### WORK TASK
Can you copy out the data exactly? Leave the images out.

----- EXERCISE DATA -----

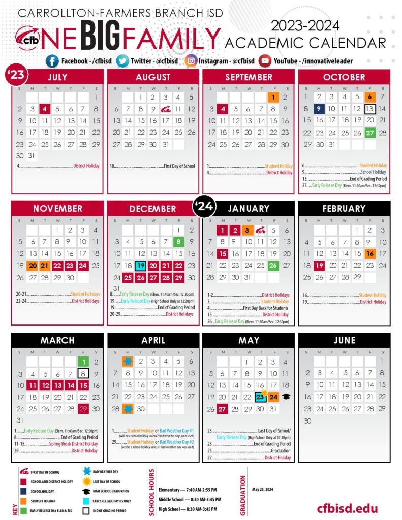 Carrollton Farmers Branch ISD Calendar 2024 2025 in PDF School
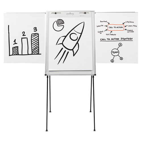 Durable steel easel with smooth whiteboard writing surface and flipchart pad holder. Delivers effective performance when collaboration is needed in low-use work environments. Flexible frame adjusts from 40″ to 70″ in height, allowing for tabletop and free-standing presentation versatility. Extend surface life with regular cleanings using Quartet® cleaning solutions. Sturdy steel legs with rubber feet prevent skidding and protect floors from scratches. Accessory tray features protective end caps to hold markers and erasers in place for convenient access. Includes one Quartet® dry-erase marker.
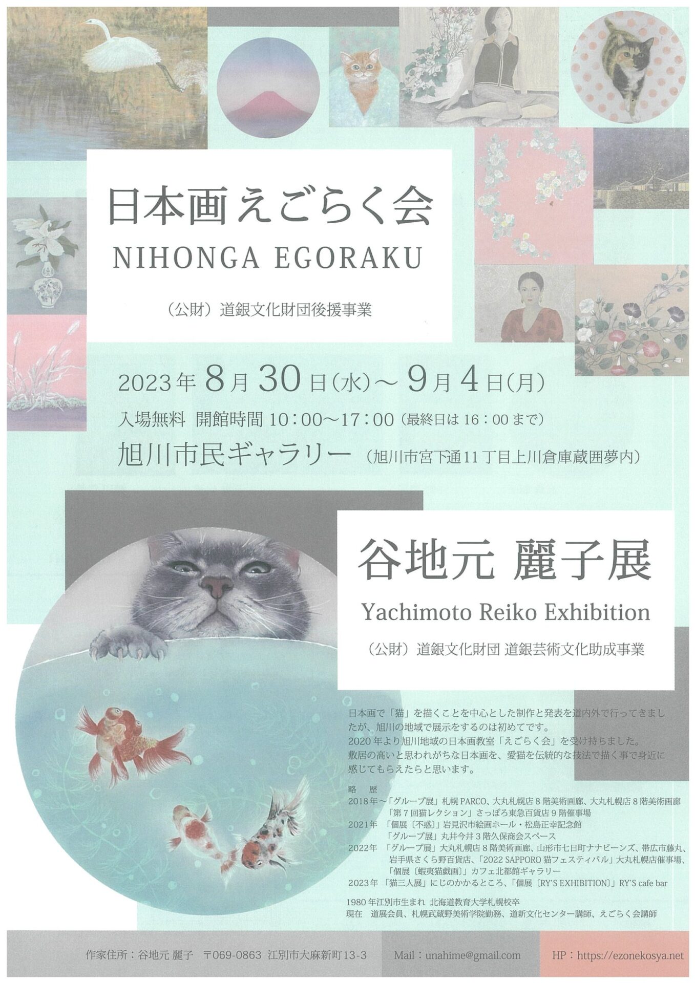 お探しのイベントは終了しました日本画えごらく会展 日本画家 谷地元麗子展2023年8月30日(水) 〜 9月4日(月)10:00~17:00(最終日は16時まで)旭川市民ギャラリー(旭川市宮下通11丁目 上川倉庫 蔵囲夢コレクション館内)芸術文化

-----

### TASK RESULT
 Carrollton Farmers Branch ISD Calendar 2024 2025 in PDF School
 Durable steel easel with smooth whiteboard writing surface and flipchart pad holder. Delivers effective performance when collaboration is needed in low-use work environments. Flexible frame adjusts from 40″ to 70″ in height, allowing for tabletop and free-standing presentation versatility. Extend surface life with regular cleanings using Quartet® cleaning solutions. Sturdy steel legs with rubber feet prevent skidding and protect floors from scratches. Accessory tray features protective end caps to hold markers and erasers in place for convenient access. Includes one Quartet® dry-erase marker.
 お探しのイベントは終了しました日本画えごらく会展 日本画家 谷地元麗子展2023年8月30日(水) 〜 9月4日(月)10:00~17:00(最終日は16時まで)旭川市民ギャラリー(旭川市宮下通11丁目 上川倉庫 蔵囲夢コレクション館内)芸術文化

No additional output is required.